101 things in 1001 days

from: Susan Wiley
to: Michael Ross
cc: Robert Stoker
subject: RE: PSC 124

Dear Michael,

The Bulletin is clear about pre-requisite courses and PSC 002 is a pre-requisite to all 100 level Group B, American Politics, PSC classes. I am copying Professor Stoker, the instructor for that section of PSC 124. Only the professor can over-ride the pre-requisite requirement. This decision cannot be made by the Dean or by me as undergraduuate advisor. Have you already contacted Professor Stoker?

Regards,
Professor Wiley

∙∙∙∙∙∙∙∙∙∙∙∙∙∙∙

interestingly enough, the office of the registrar e-mailed me saying that the dean can, in fact, override that prerequisite requirement.

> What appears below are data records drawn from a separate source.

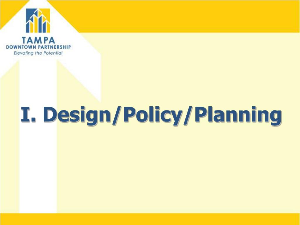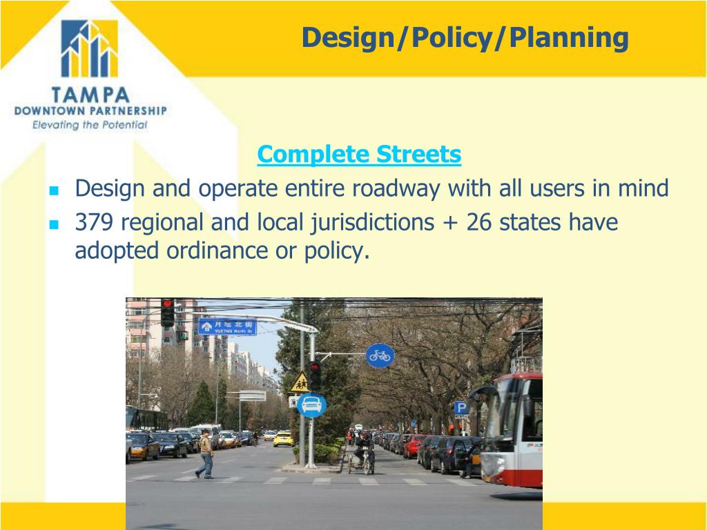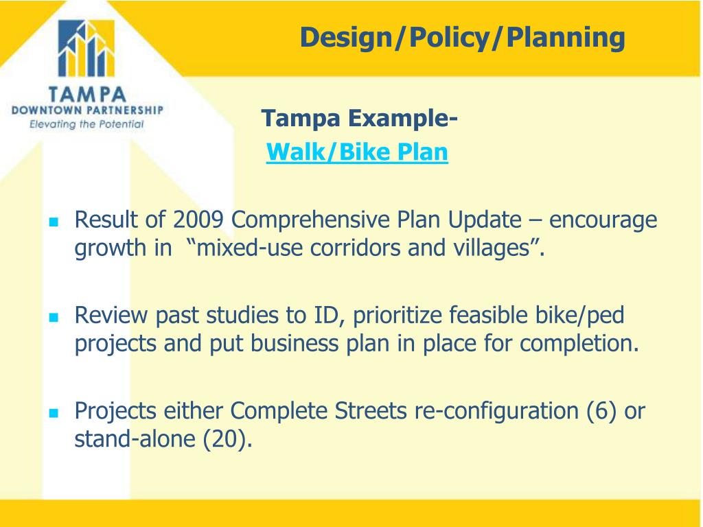 Design/Policy/Planning Tampa Example- Walk/Bike Plan • Result of 2009 Comprehensive Plan Update – encourage growth in “mixed-use corridors and villages”. • Review past studies to ID, prioritize feasible bike/ped projects and put business plan in place for completion. • Projects either Complete Streets re-configuration (6) or stand-alone (20).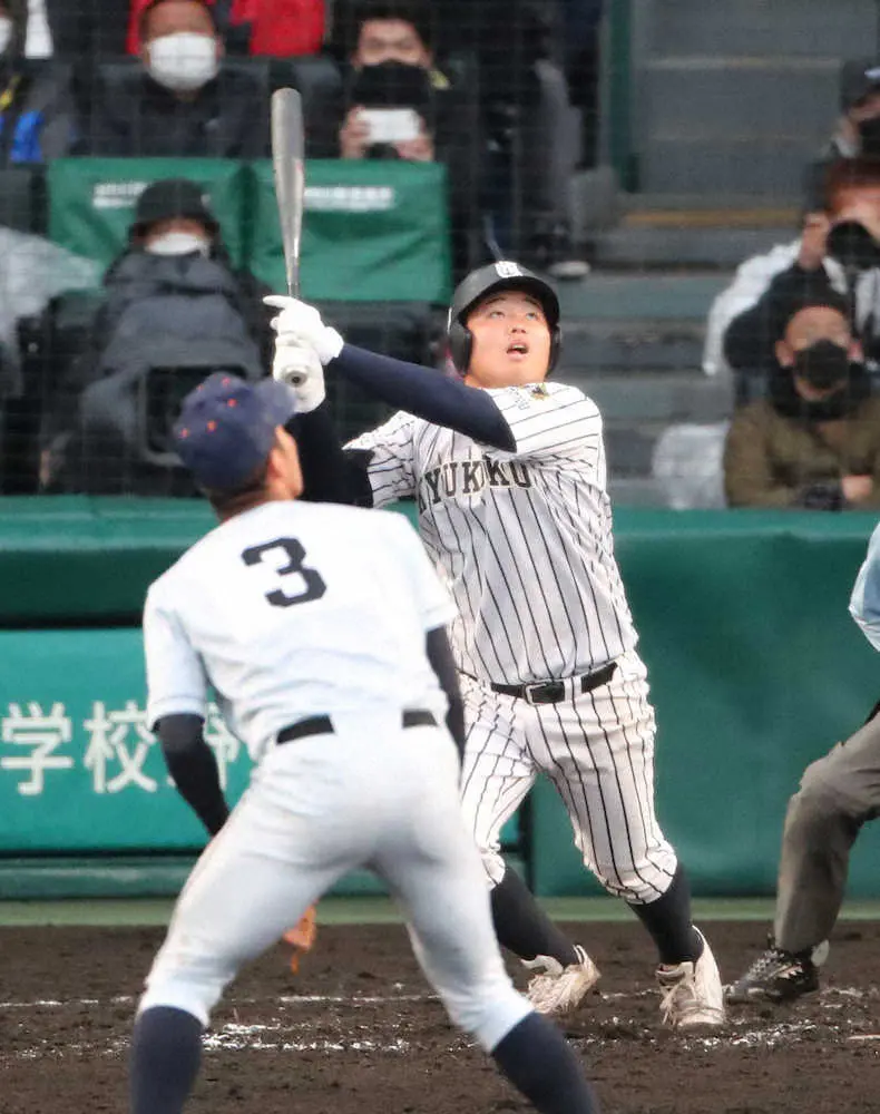 それでも昨秋の県大会途中から4番を打つスラッガーへのベンチの信頼は変わらなかった。これまで引っ張る打球が多かったが、冬場には左方向への打撃も意識。「流しもしないと得点につながらない」。延長10回は1死一塁から3番・小田原義(3年)がエンドランを決めて一、三塁とチャンス拡大。逆方向への一打で期待に応えた佐倉は「頼りない4打席が続いていたけれど、信じてつないでくれた選手と監督に感謝したい」とほっとした様子だった。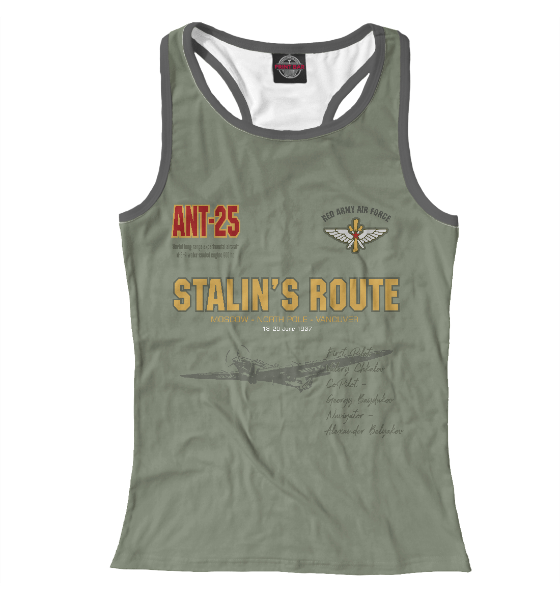 Женская майка-борцовка с принтом «Сталинский маршрут (Ант-25)»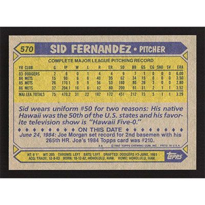 This is a 1987 Topps Sid Fernandez baseball card. The card is #570 and pictures show condition.
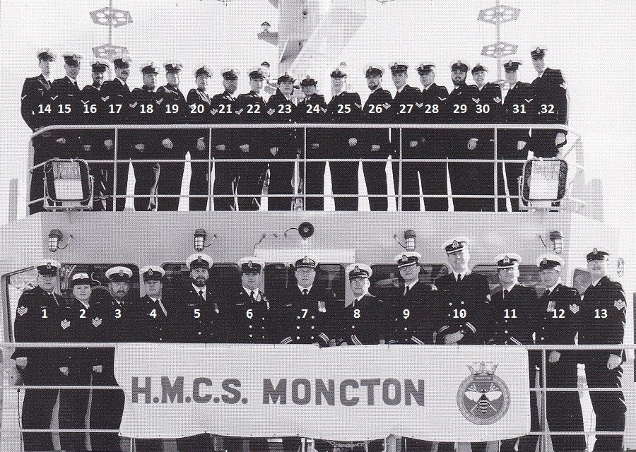 (1) Vengels, Frank (2) Osmond, Jackie (3) Gray, Clayton (4) Lavoie, PO1 (5) Gourlay, PO1 (6) Meadley, Jim, PO1 (7) Greenlaw, LCdr, CO (8) Green, LCdr (9) Botting, Lt (N) (10) O'Leary, Lt (N) (11) Tremblay, Slt (12) Baker, PO2 (13) Cusack, PO2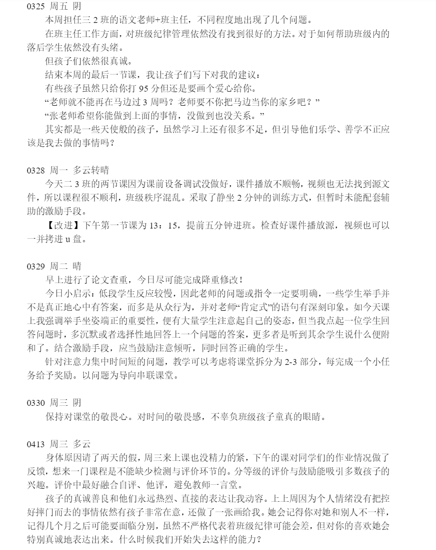 对于可能看起来易怒调皮的孩子,张思睿在她的日记中记下了这样一件事:“两名学生想打架,班里同学劝阻并告知我,在你一言她一语中我大致知道了是橙色衣服男孩先动的手,于是我一边抚摸他的手试图安抚其情绪,一边反复问他到底发生了什么,如果有委屈可以告诉老师,但如果你做错了就要道歉。可能重复了有五六遍,他原本一直躁动的身体慢慢冷静下来,我带他到班里同学不多的地方再次询问,他承认了错误并且答应要去道歉,也怯怯地问我办公室在哪里,能不能以后有事情都来找我。我触动不已,也更相信这次支教的意义。”教育是有韧性的,正如张思睿感悟的那样,看似是“坏”的孩子们并不是真正的“坏”,他们可能只是缺少关注和关爱,所以在行为上表现出冲动、易怒,简单的外显行为在事实上投射出其内心被关注的需求,“所以学生信任我、喜欢我,是一件非常能鼓舞人的事情”。

i've spent a lot of time this break thinking about my academic future. i am really interested in becoming an urban planner, but after talking to some professionals in the field about it, i'm not so sure that a bachelor's in public policy will help me achieve that goal. ideally, i should be getting my degree in city planning — but since gw does not have such a department, my next best bet is a bachelor's in geography. however, i've never taken any geography courses. so, i need to decide: should i switch over to geography now, or try taking an introductory course to see if i really like it?

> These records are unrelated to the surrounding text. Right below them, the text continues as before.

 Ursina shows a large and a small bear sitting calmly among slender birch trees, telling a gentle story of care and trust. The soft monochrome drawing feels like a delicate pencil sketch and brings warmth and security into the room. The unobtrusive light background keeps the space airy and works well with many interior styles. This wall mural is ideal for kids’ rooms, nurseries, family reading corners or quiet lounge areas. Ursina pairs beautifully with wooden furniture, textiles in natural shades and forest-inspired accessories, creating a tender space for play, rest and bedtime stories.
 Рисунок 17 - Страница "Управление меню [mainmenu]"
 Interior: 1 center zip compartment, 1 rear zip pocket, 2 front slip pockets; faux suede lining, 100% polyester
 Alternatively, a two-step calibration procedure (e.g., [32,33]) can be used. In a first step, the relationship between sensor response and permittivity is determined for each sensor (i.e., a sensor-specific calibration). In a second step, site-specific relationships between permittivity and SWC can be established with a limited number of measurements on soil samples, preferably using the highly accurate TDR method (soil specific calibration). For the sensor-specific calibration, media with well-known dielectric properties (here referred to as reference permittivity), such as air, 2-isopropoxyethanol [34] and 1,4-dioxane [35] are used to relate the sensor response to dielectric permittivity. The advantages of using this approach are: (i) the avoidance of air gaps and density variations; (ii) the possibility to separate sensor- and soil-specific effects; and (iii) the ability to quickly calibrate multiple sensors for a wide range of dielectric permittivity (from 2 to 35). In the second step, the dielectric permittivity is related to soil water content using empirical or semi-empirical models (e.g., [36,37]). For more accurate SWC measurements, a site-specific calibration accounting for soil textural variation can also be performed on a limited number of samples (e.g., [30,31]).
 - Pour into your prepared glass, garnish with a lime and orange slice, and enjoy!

the former of those options is the only way for me to achieve my degree in geography and still graduate when i want to (may 2010). but i am concerned by the apparent lack of employment opportunities for geography majors post-college (other than for urban planners). futhermore, i'm not so sure that i still want to graduate at such an accelerated pace; in fact, i'm contemplating studying abroad.


this is the university of cape town, the oldest university in south africa, the top-rated university on the continent of africa, and the possible future site of my study abroad.

i've wanted to go to uct for as long as i can remember. when i was thinking of leaving gwu after the fall 2007 semester, i considered spending a semester there. even though i ultimately decided to stay at gw, i have thought about it on and off, but dismissed it for several factors (money, the rents' concerns, desire to graduate early, fear of missing my friends, etc.). however, i'm now realizing that nearly all of my close friends will be studying abroad next year, so it looks like i'll be missing them one way or another. and money isn't an issue ever since the office of study abroad started waving a tantalizing scholarship offer in my face. the rents are even encouraging me to look into the semester at uct program.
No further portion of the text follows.